2: Duman ve Aynalar

2.4K 98 30
                                    

2: Duman ve Aynalar

Konstantina Karayel, şehir efsanelerinin avcısıydı. Gedik Savaşı'ndan sonra dünyada kalan binlerce şeytani varlığın peşindeydi, elbette hiçbir şey bedava değildi. Sonuçta Konstantina da kirasını ve faturalarını ödemek zorundaydı ve doğrusu para almasa insanları kurtarmakla pek uğraşmazdı. Hangi deli, yaratıklarla savaşmaya gönüllü olurdu ki? Birazcık teşvik gerekliydi.

Konstantina bir savaş çocuğuydu. Üçüncü Dünya Savaşı'nın patlak verdiği 1999 yılında dünyaya gelmişti. Ama asıl savaş, bu sefer daha vahşi geçen dünya savaşının yol açtığı Gedik Savaşı'ydı. İnsanlık, neredeyse kendi sonlarını kendileri getirmişti. Nükleer bombalar, küresel ısınma, doğaya verilen tahribat sonucu gökyüzünde koca bir delik açılmıştı: Gedik.

Ve bu delikten dünyaya sızanlar çok da iyi niyetli değillerdi.

Gedik Savaşı tüm dünyayı birden felce uğratmıştı, devletler ne yapacaklarını bilmiyorlardı. Gökyüzündeki kocaman bir deliği nasıl kapatırdınız ki? Dahası insanüstü yaratıkların karşısında hangi ordu durabilirdi?

İnsanların bilmediği, daha doğrusu unutmaya yüz tuttuğu bir güç daha vardı: Şamanlar.

Şamanlar, dünya tarihi boyunca tüm kıtalarda var olmuşlardı ve dünya üzerinden öylece yok olacak değillerdi. Gelişen çağla birlikte geriye çekilmiş, kendilerine şaman diyen sahtekârlara rağmen seslerini çıkarmamış ve varlıklarını nesilden nesile sessizce sürdürmüşlerdi. Ta ki gökyüzünde kocaman bir gedik açılana kadar. İşte o zaman doğudaki Kurultay yeniden toplanmıştı. Şamanlar yeniden yükselmiş ve Gedik Savaşı'yla oluşan yeni dünya düzeninde yerlerini almışlardı. Çünkü o gediği anca onlar kapatabilir ve şeytani varlıkları anca onlar defedebilirdi. İnsanların onlarca yıldır görmezden geldiği şamanlar, doğanın parçalanmasına göz yumamazdı.
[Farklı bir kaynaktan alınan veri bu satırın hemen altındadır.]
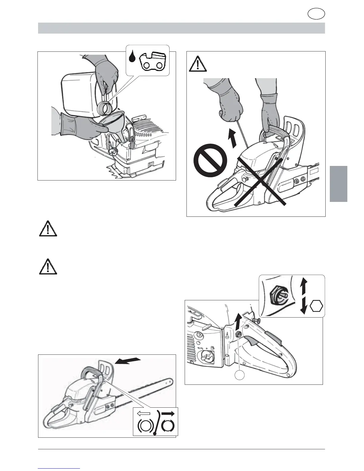 1) Poser la tronçonneuse sur une surface sta-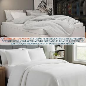 Cobre Leito Queen Size Algodão Lauryn Bordado Super Luxuoso Cor: OFF WHITE Transforme seu quarto em um refúgio de sofisticação e conforto todos os dias. Este Cobre Leito Queen Size Lauryn é confeccionado em algodão de alta qualidade com 300 fios, trazendo maciez incomparável, durabilidade e frescor ao toque. O bordado refinado adiciona um charme sofisticado, perfeito para quem deseja compor um quarto elegante sem abrir mão do conforto. Imagine deitar-se em um cobre leito que parece ter saído de um hotel 5 estrelas. O toque suave do algodão, o brilho delicado do bordado e a sensação de luxo transformam seu descanso em uma experiência única. É como vestir sua cama com elegância e aconchego. Além da beleza e do conforto, o Cobre Leito Lauryn é fácil de cuidar, resistente a lavagens e com caimento impecável sobre a cama. O tamanho Queen é ideal para garantir cobertura total e uma aparência sempre sofisticada no quarto. Contém: 1 Colcha - 2,60m x 2,40m 2 Porta travesseiros - 70cm x 50cm Composição: Tecido:300 FIOS 1. O cobre leito acompanha porta-travesseiros Sim, o conjunto já vem com porta-travesseiros no mesmo design, garantindo a harmonia do visual. 2. O tecido amassa com facilidade Não, o algodão 300 fios possui caimento elegante e menos propenso a amassados, mantendo sua cama sempre arrumada. 3. Ele é indicado para todas as estações do ano Sim, pode ser tanto no verão quanto no inverno, trazendo conforto em qualquer clima. 4. O bordado desfia com o tempo Não, é produzido com técnica reforçada que garante durabilidade mesmo após várias lavagens. 5. É um produto hipoalergênico Sim, o algodão natural é seguro e ideal para pessoas com pele sensível ou alergias. Durma com o luxo que você merece Garanta já o Cobre Leito Lauryn e transforme suas noites em verdadeiras experiências de conforto e sofisticação. Marca: Não Informado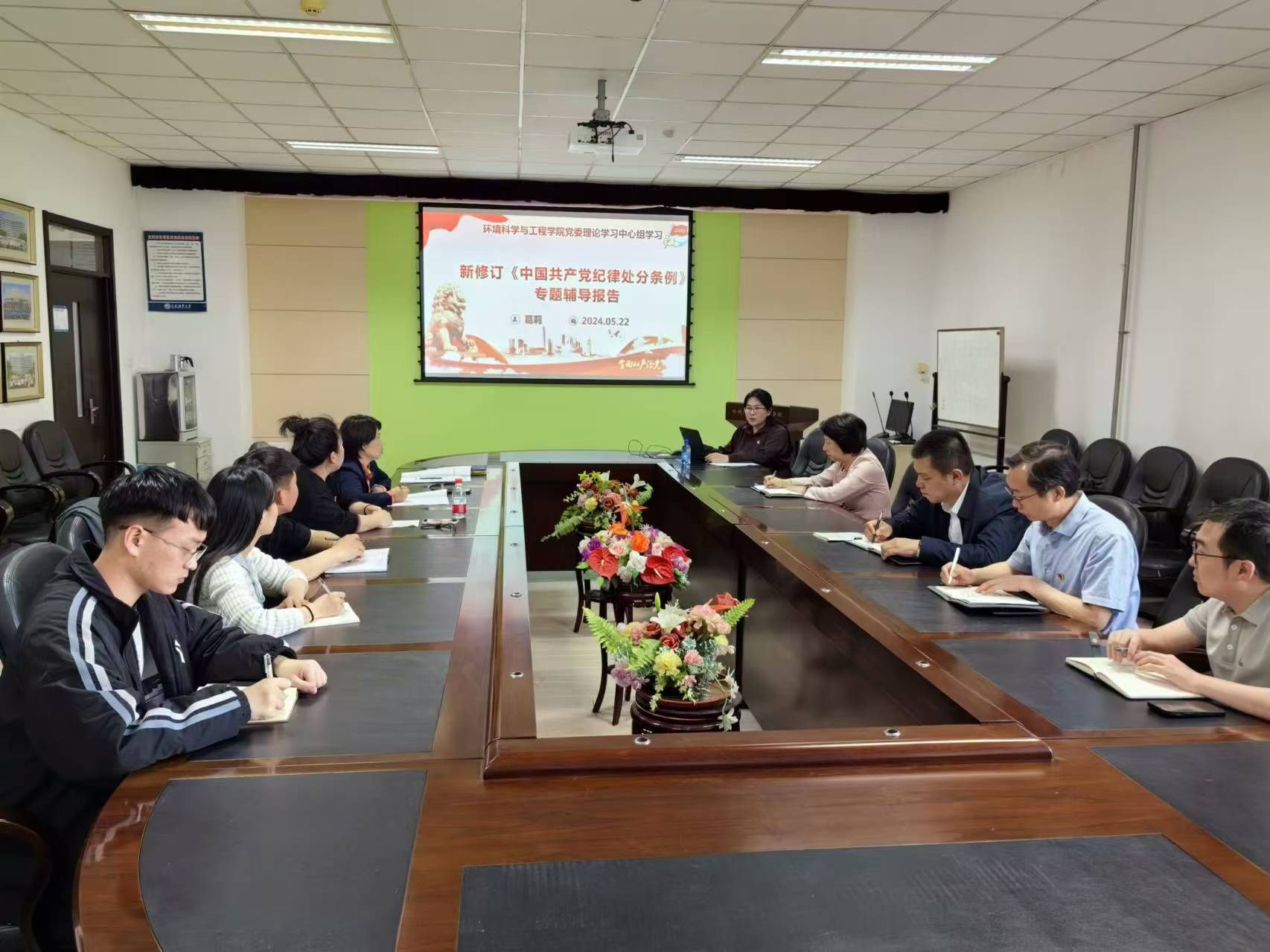5月22日下午,环境科学与工程学院党委在环工楼大会议室举行读书班《中国共产党纪律处分条例》专题辅导报告。会议由学院党委书记平强主持,报告邀请马克思主义学院葛莉教授作专题辅导,学院党委委员及党支部书记参加。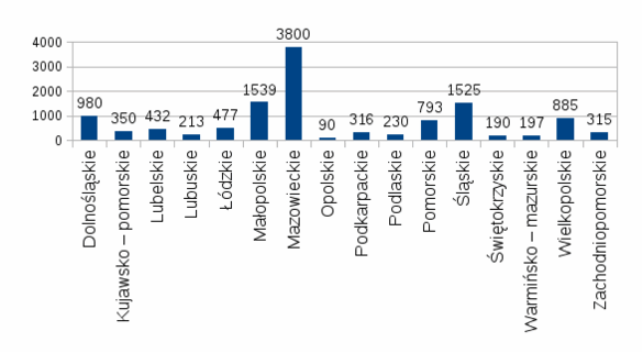 Wykres: liczba szkoleń współfinansowanych z EFS znajdujących się w bazie www.inwestycjawkadry.pl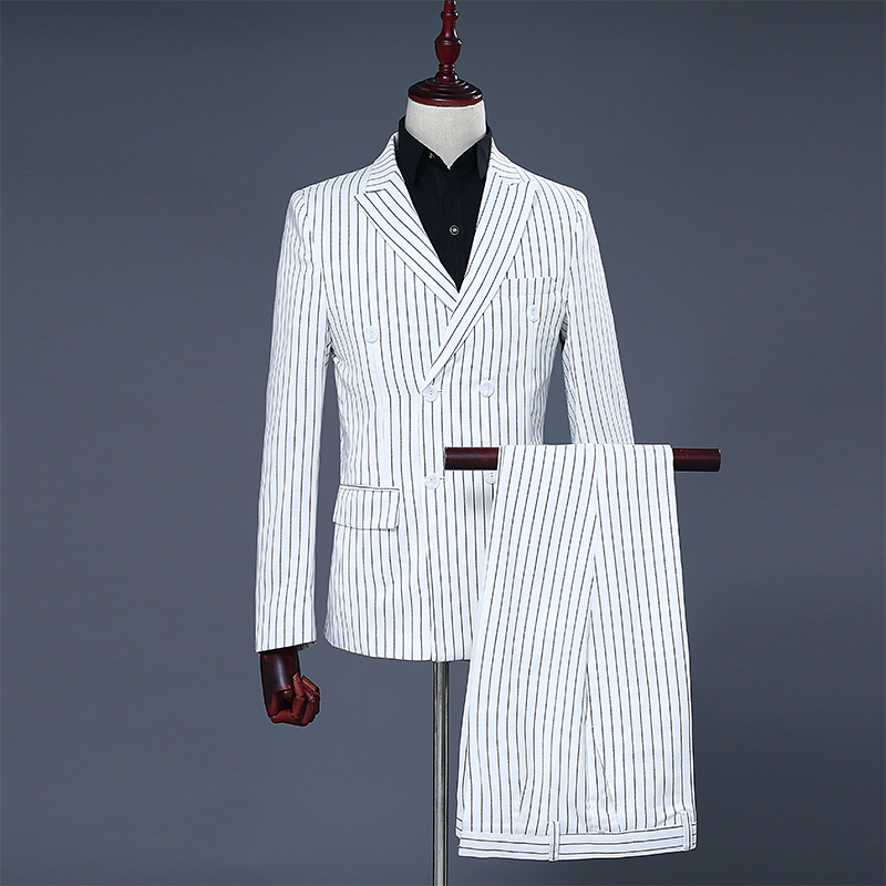 Gaun pengiring pengantin pria, latar belakang putih hitam bergaris pengiring pengantin pria kancing dua baris, setelan penampilan tuan rumah MC studio tema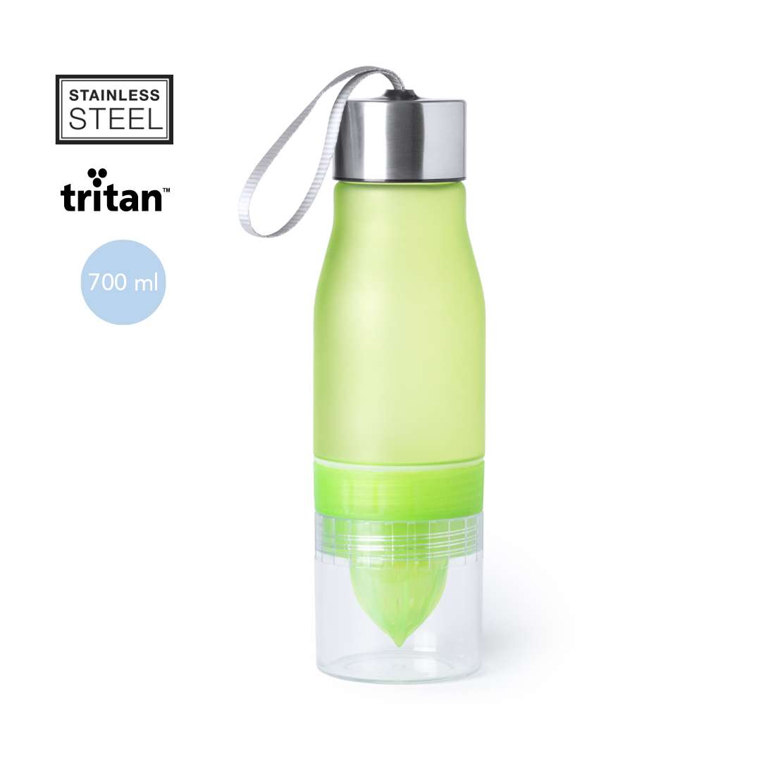 Bidone originale con capacità di 700 ml, realizzata in materiale tritan resistente al calore e senza BPA. Include una base con spremiagrumi per aromatizzare l'acqua. Con dispenser, tappo a vite e cinghia di trasporto. Disponibile in una vasta gamma di colori e presentato in una scatola individuale
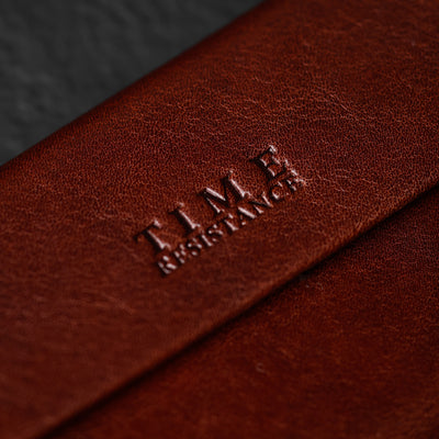 Time Resistance bags and accessories are crafted from premium full-grain, hand-dyed, vegetable-tanned Italian cowhide, known as Vachetta leather, which develops a beautiful patina and ages gracefully over time.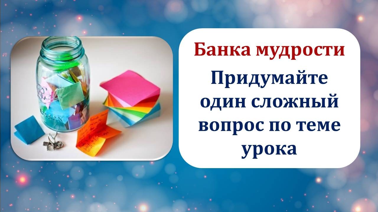 | Сегодня мы пополним нашу банку мудрости новыми интересными вопросами. Напишите, пожалуйста, на цветных стикерах один сложный вопрос по теме урока и сложите их в банку мудрости. |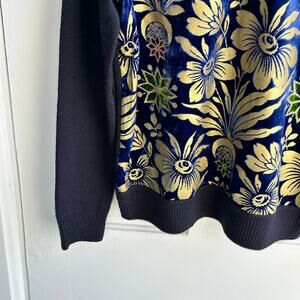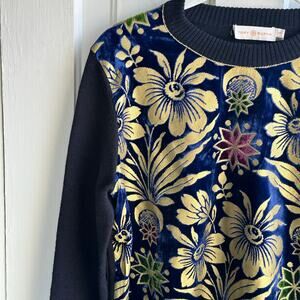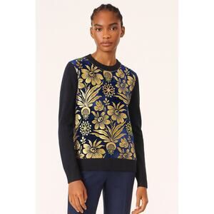 Tory Burch Hollis Cosmic Floral Velvet Foiled Gold Metallic Sweater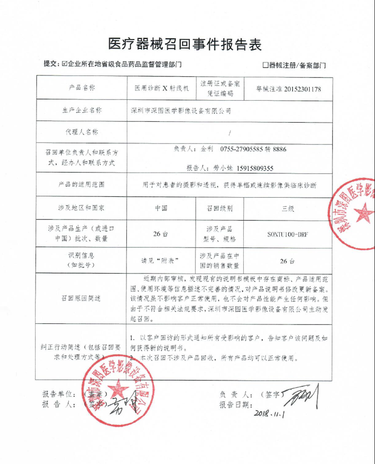 深圳市深图医学影像设备有限公司对医用诊断X射线机主动召回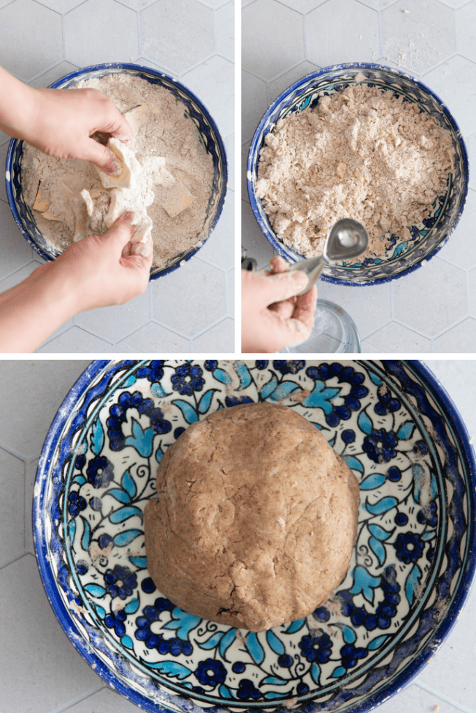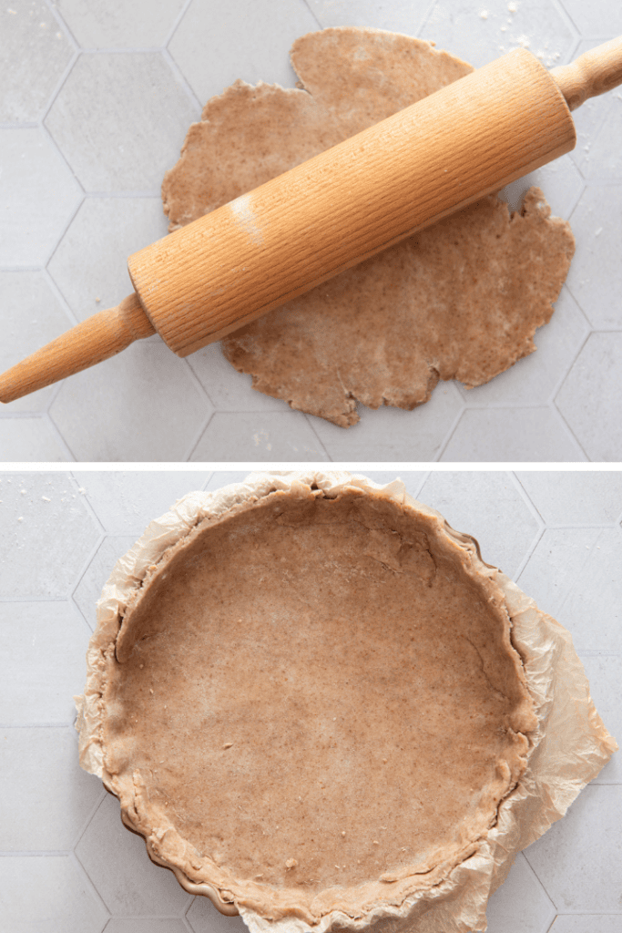 Teig zubereiten: Gib 100 g Weizenvollkornmehl zusammen mit 150 g Weizenmehl und ½ TL Salz in eine Schüssel. Füge 125 g kalte Butter (in kleine Würfel geschnitten) hinzu. Verreibe die Zutaten zügig zwischen den Fingern, bis die Butter etwas ins Mehl eingearbeitet ist und eine krümelige Struktur entsteht. Gib dann 60 ml Eiswasser dazu und vermenge die Zutaten kurz. Knete rasch einen Teig daraus. Achtung: Bitte nicht zu lange kneten, sondern wirklich nur so lang, bis sich die Zutaten verbunden haben. Wickle den Teig in etwas Frischhaltefolie oder ein Bienenwachstuch und lass ihn für 30 Minuten im Kühlschrank ruhen.

Konstantina bir şaman değildi. Emeket ruh ona hiç gelmemişti. Ailesindeki son şaman abisiydi. Fakat Konstantina, annesinden çok şey öğrenmişti. Ece Karayel, Konstantina'nın tanıdığı en iyi şamandı.

"Şu an bununla ilgilenemem, Konstantina," dedi Ece Karayel, telefonun diğer ucundan. "Birazdan uçağa bineceğim."

"Nereye gidiyorsun?" diye sordu Konstantina. Annesiyle birlikte yaşamadığından onun hayatına çok fazla dahil olamıyordu, Ece'nin kafası estiği gibi gitmeleri de meşhurdu. Hâlâ annesiyle birlikte yaşayan abisinin de Konstantina'ya tek kelime anlattığı yoktu. İkisi de annelerine çok düşkündü ama iki kardeş, birbirlerini günahları kadar sevmezlerdi.

"Amerika'ya."

"Orada ne var?"

"Bilmiyorum. Arkadaşım aradı ve acilen gelmemi istedi, bölgede çok fazla anomali varmış."

"Anne, Sibirya'da ne olmuştu? Hızlıca anlatman lazım."

"Konstantina..." Kadın, kızının adını her zaman tam kullanırdı, asla kısaltmazdı. Bıkkınlıkla üfledikten sonra derin bir nefes aldı. "Sibirya'da ölümden başka bir şey yoktu. Bir grup insan kamp yapıyordu ve çadırlarından öylece kayboldular. Arkalarında hiç iz bırakmamışlardı. Yani gece boyunca tek kar tanesi bile düşmemişti ama karların üzerinde bir tane bile ayak izi yoktu. Biz oraya vardığımızda kamptaki tüm yaşam solmuştu. Kamplara geçici olarak ocak iyeleri verilir ama ocak iyesi yerinde yoktu."

"Sonra ne oldu? Onları buldunuz mu?"

Ece, bu sefer üzüntüyle iç çekti. "Hayır. Sırra kadem bastılar. Artık kapatmam lazım."

"Dur, bir dakika. Bu ne zaman olmuştu, anne?"

Ece, hattın ucunda düşünür gibi hımladı. "99'da."